Because of technical limitations, we have not been able to study the time course of the Src-related biochemical events during the G2→M transition, but indirect evidence suggests that the mitotic activation of Src can occur at earliest shortly before nuclear envelope breakdown (Chackalaparampil and Shalloway, 1988). It is likely that this occurs after the mitotic Cdc2-cyclin B complex is activated by Cdc25-mediated dephosphorylation (see, for example, the review by Kishimoto and Okumura, 1997) and phosphorylate Src in its amino-proximal region (Shenoy et al., 1989). On the other hand, the mitotic release experiments (Figure 7) more precisely determined the temporal relationships between Cdc2-mediated phosphorylation of Src, Src activity (and by inference, Tyr527 phosphorylation) and the serine hyperphosphorylation and activation of PTPα after metaphase. It is noteworthy that the mobility-retarding Cdc2-mediated phosphorylations in Src disappeared about 20 min before Src specific activity, PTPα specific activity and PTPα-Grb2 binding returned to their interphase levels. This is consistent with the prior hypothesis (Taylor and Shalloway, 1993) that the Cdc2-mediated phosphorylations act by promoting dephosphorylation of pTyr527, and that its dephosphorylation by a PTP (which we now suggest to be PTPα) is the proximal cause of activation.

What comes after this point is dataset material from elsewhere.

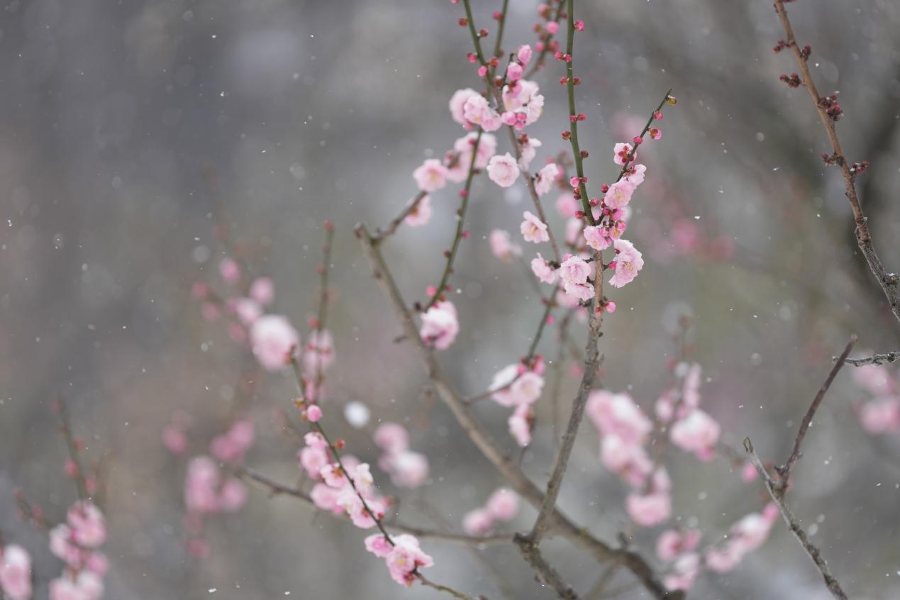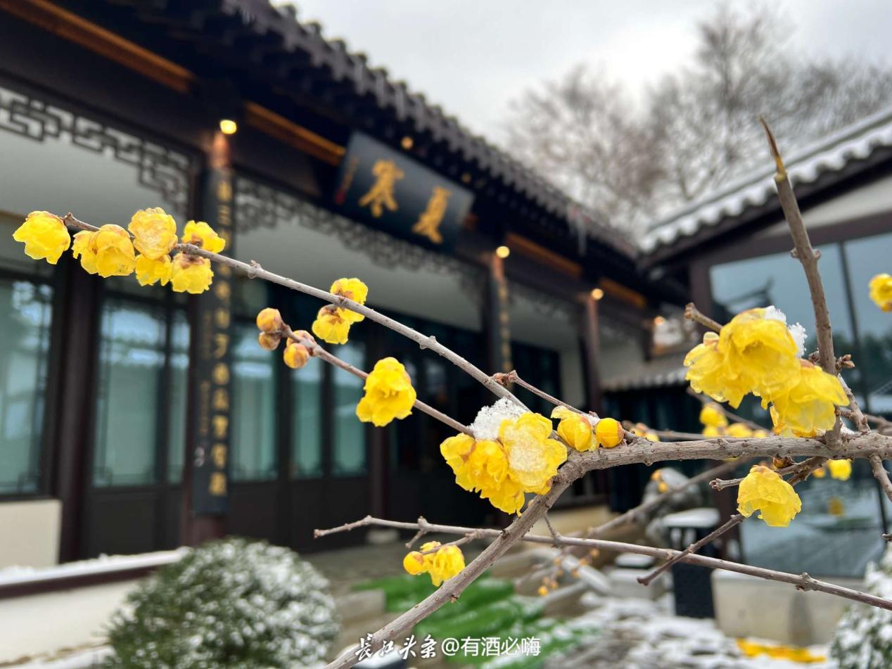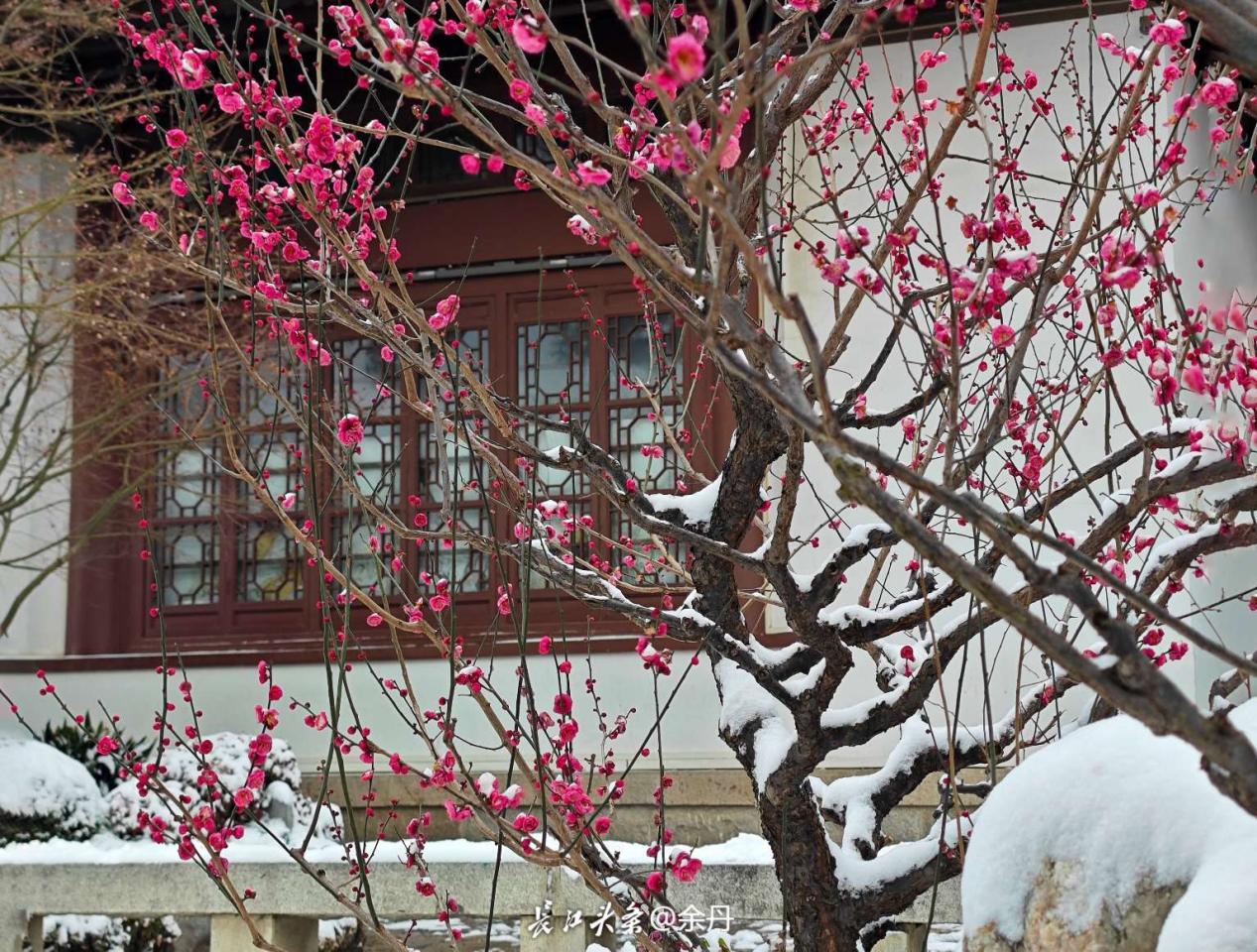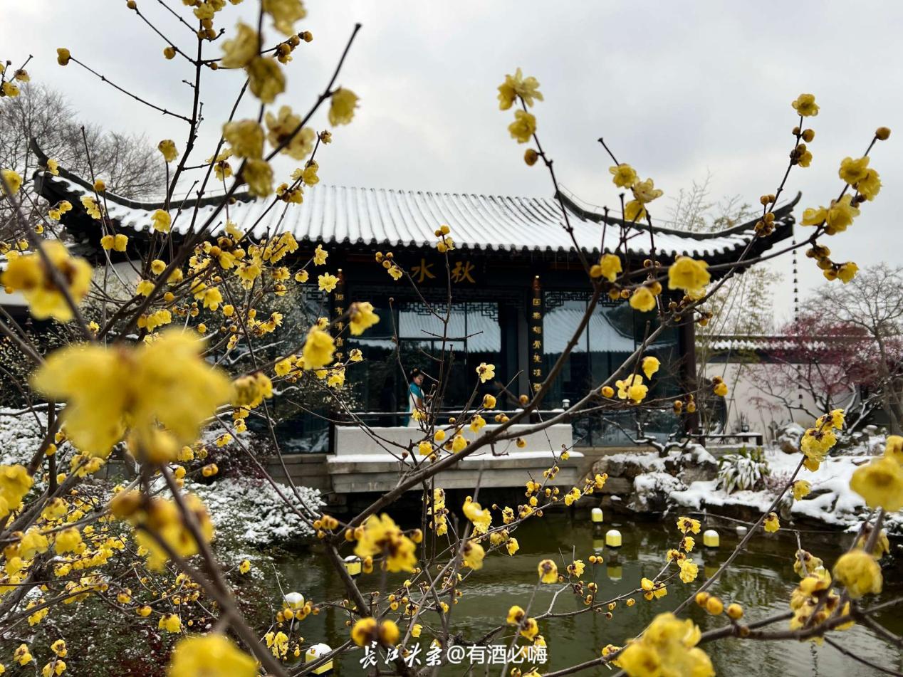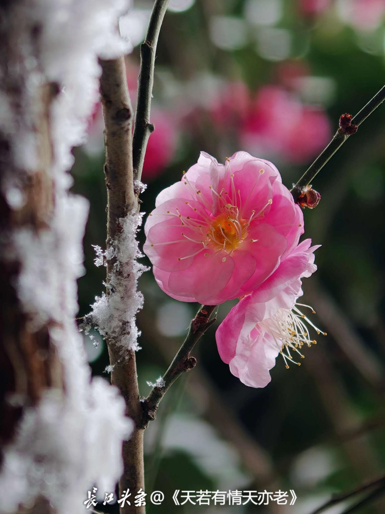 2、梅花花期集中在12月下旬至次年2月,當(dāng)前初雪與早梅相遇,正是打卡好時(shí)機(jī);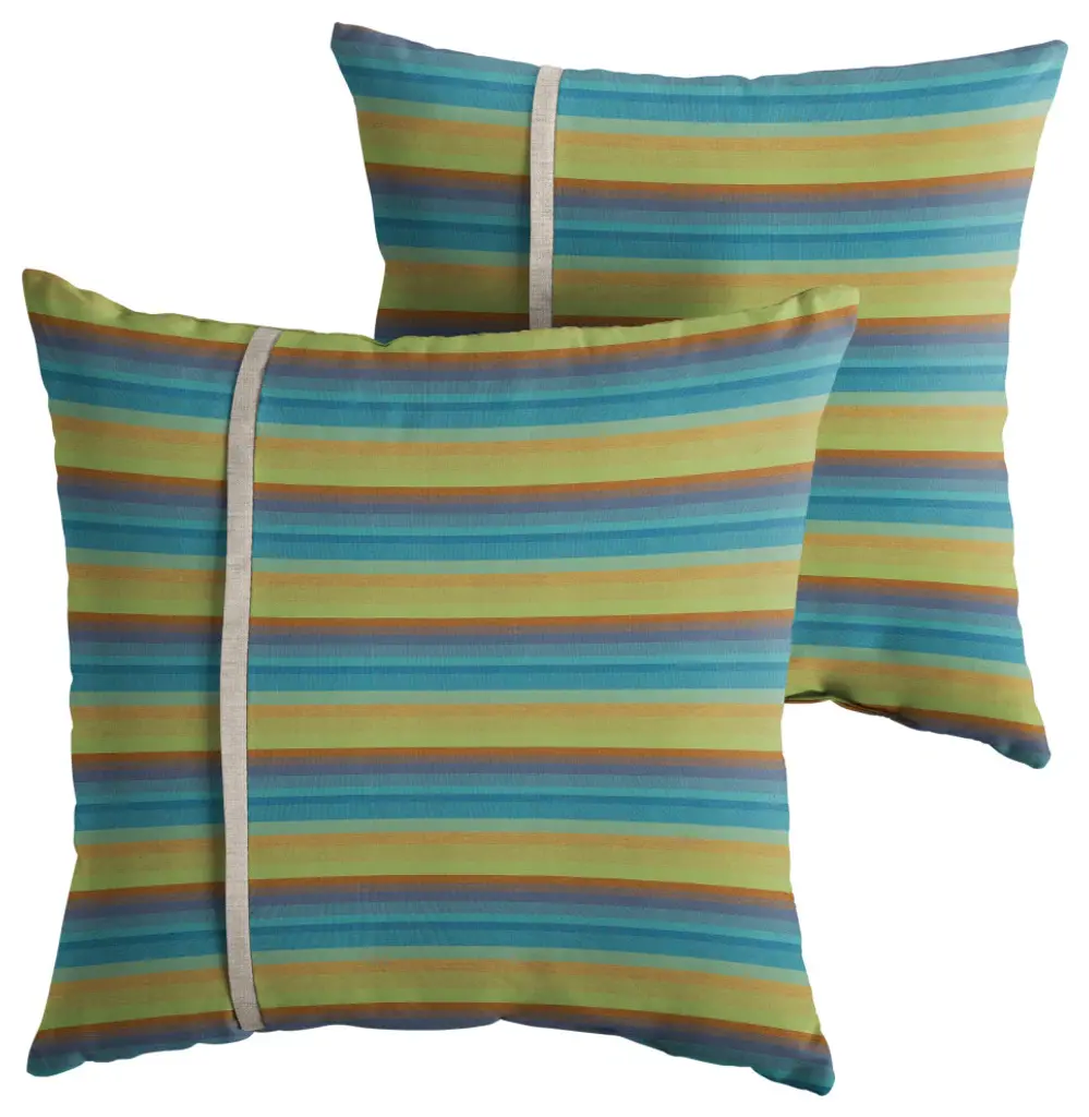 Step out on your porch or patio and start brightening it up with this adorable set of two square pillows! Featuring a beautiful stripe fabric in a rich, multi color hue, this pillow set is sure to add style to your space and help you enjoy the outdoors so much more! Crafted out of a performance material right here in North America, these pillows are made to withstand the sun, rain and even stains so that all you have to do is sit back and relax! Sunbrella is founded on the belief that fabrics should be both beautiful and functional. We began in the 1960s with the challenge of creating an awning canvas with a substantially longer lifespan than cotton. Sunbrella has become widely adopted for shade structures, marine canvas and upholstery fabric for both outdoor and indoor applications.Our textiles are made with close attention to design detail, and engineered with robust performance characteristics that provide resistance to fading and degradation from sunlight and chemical exposure. The fabric is tactile yet durable, has industry-leading environmental characteristics, is easy to care for and offers long life wherever it''s used.No Sunbrella manufacturing facility in the world sends waste to landfills. A result of our focus on efficiency, this monumental achievement allows Sunbrella to lead by example, putting sustainability into practice every day across the globe. Our unique coloring process not only makes Sunbrella fabrics fade-resistant, it also conserves more water than conventional dyeing processes. At Sunbrella we believe it''s important to preserve the environment around our facilities. We work to conserve the plant and animal life that is native to the area and encourage our employees to plant gardens designed to provide fresh food and nourish local wildlife.We stand behind our fabrics with a guarantee that''s the best in the industry: a 5-year limited warranty for upholstery. This warranty protects the original purchaser of Sunbrella fabric. This warranty protects against Sunbrella fabric becoming unserviceable due to color or strength loss from normal usage and exposure conditions, including sunlight, mildew and atmospheric chemicals.• Ideal for casual indoor and outdoor use• Includes two (2) square pillows• • Available in 18 inch and 22 inch sizes• • • Made in North America•

It is evident in Figure 7D and in previously published mitotic release experiments (Chackalaparampil and Shalloway, 1988) that Src activity returns to normal by 30–40 min after release from nocodazole arrest, which is close to the time of cytokinesis. But the PTPα modifications decrease somewhat more gradually and do not return to their interphase levels until ∼80 min after release. This temporal divergence may just reflect the strongly nonlinear relationship between the pTyr527-dephosphorylation rate and the level of Tyr527 phosphorylation (see Materials and methods). However, other events—possibly associated with cytoskeletal reorganization during cytokinesis—may also be involved in Src deactivation. For example, down-regulation of Src by Csk (Okada and Nakagawa, 1989) which phosphorylates Tyr527, appears to be regulated by colocalization of Csk and Src to focal adhesion plaques (,Howell et al., 1994; Sabe et al., 1994). The adhesion plaques partially dissipate during cell rounding in mitosis, and their reorganization as cells flatten after cytokinesis with concomitant colocalization of Csk and Src may contribute to abrupt Src down-regulation.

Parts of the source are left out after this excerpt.